A Good Terminal Setup

Posted January 1, 2013

Terminal?

Terminal. Even in the modern age of indisputably fantastic IDE's and other GUI development tools, developing from the terminal provides some benefits that standard desktop development still fails to match. Arguing those benefits is not the point of this article though!

Here I'll cover what I believe is a very solid terminal development setup. Is it the best? Most definitely not. With every additional month in my software development career my development environment continues to improve. I've no doubt my environment a year from now will be significantly better than it is now. I've just reached a point where I'm fairly comfortable saying I've arrived at a pretty productive, lightweight, and above all fun environment for my day to day development.

Disclaimer: I spend most of my day writing python, bash, and ruby. If you're writing mostly Java or C++, you're likely spending a lot of your day in an IDE, and the terminal becomes distinctly less attractive.

Hardware/OS

This is a guide on terminal setup, but you'll need a UNIX-like environment to follow along. I do most of my development on a Macbook Air. OS X is a great environment for my style of development.

iTerm2, not Terminal.app

If you're coming from Windows, Terminal.app likely looks pretty sweet. Don't be fooled—grab iterm2 right away and don't look back. The colors are better, the fonts look better, the settings are better. It is better.

Brew

Brew is an OS X package manager and it is fantastic. Get it.

Autojump

Are you still cding around everywhere? Welcome to the 21st century, grab yourself an autojump and take a seat. Autojump basically just manages a database of folders you've visited and lets you jump between them by just specifying part of the path.

So, instead of:

[~/]: cd path/to/my/project
[~/path/to/my/project]:

you can do

[~/]: j project
[~/path/to/my/project]:

Much faster.

Tmux

This is the latest addition to my environment. Tmux is a Terminal MUltipleXer. It's basically a window manager for you terminal, where each window/pane is its own shell session. So you can split your terminal in half and have a file open in one split and an ssh session to your serve in the other half.

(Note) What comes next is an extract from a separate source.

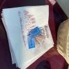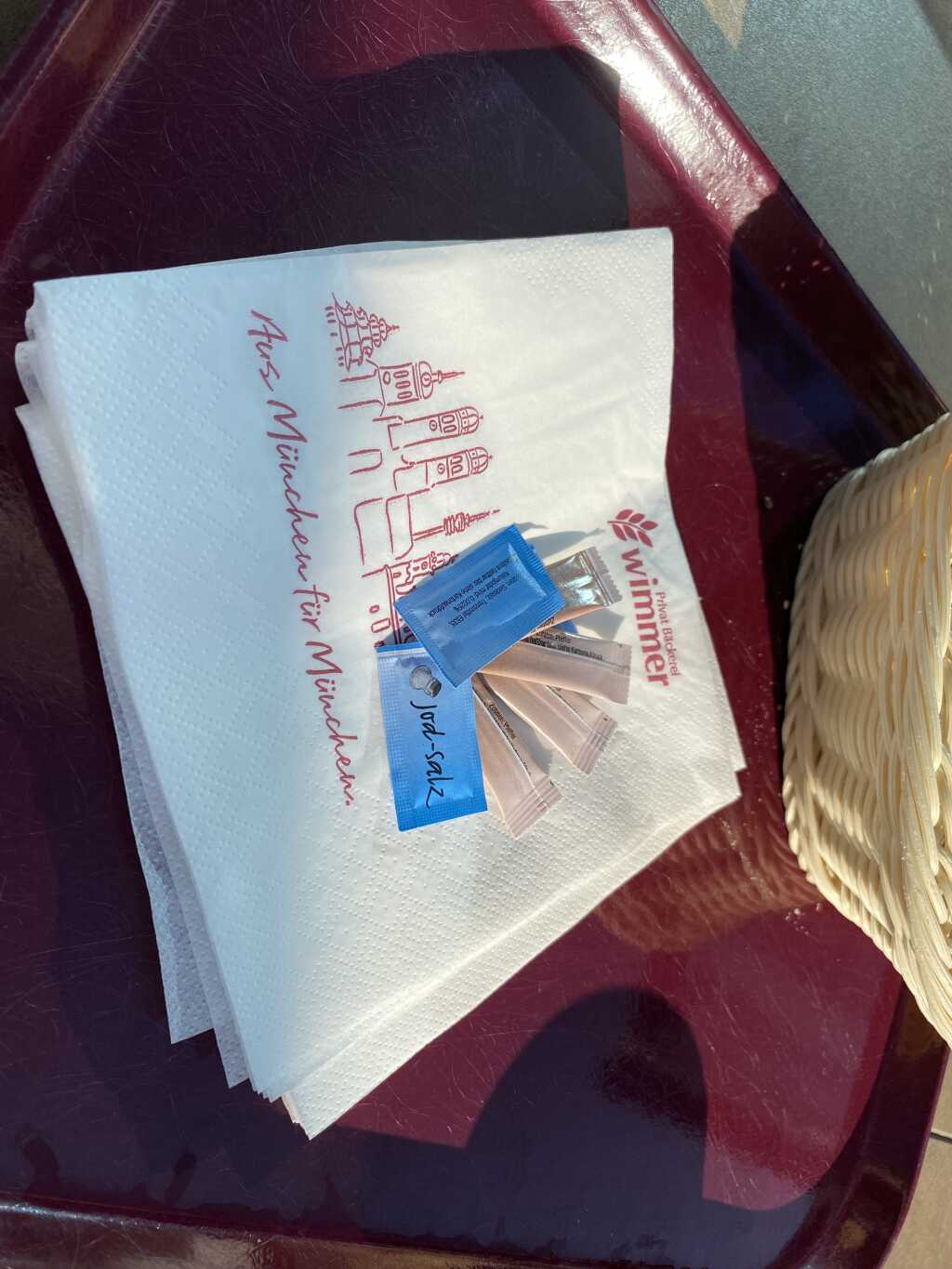 Beim Eingang gibt es einen Ständer wo man sich Zucker, Milch , Servietten, Salz-und Pfeffertütchen nehmen kann. Die Servietten tragen das Logo von der Bäckerei und es wird auf München eingegangen.

iTerm2 provides this same functionality at the GUI level, but I'm a big fan of having heavily customizable tools and tmux appears to have better prospects in this regard. It also has this thing called copy-mode, where you can do a vi-like visual block selection thing to copy text from one window to another without using the mouse. The mouse is evil. This is a win.

Vim

This is by far my highest recommended tool of this entire article. Vim changed my development speed and enjoyment immensely. Editing text used to be a point, click, then type a little then point, click, then type a little experience. Now it is a type a little, then a little more, then continue typing, then keep typing experience.

Has Vim made me a better developer? No. Your editor can't do that. But it has lowered the barriers to my text-editing experience. Additionally, Vim is fun. It just is. Wrangling text in Vim is a pleasant experience and there are times where I reach for an open side-project just because I feel like spending some time in vim. Vim really lowered the barrier from my brain to code on a screen.

Check out my vimrc.

Zsh

Time to talk shells. bash is great, but I've found zsh to be better. It has sexier prompts, better autocompletion, and awesome goodies like command syntax coloring.

Seriously, the tab completion alone elevates it far above bash. Add to that the ability to define wonderful prompts (with the help of oh-my-zsh), and vi-mode, and you're already well on your way to having a kickass command line experience.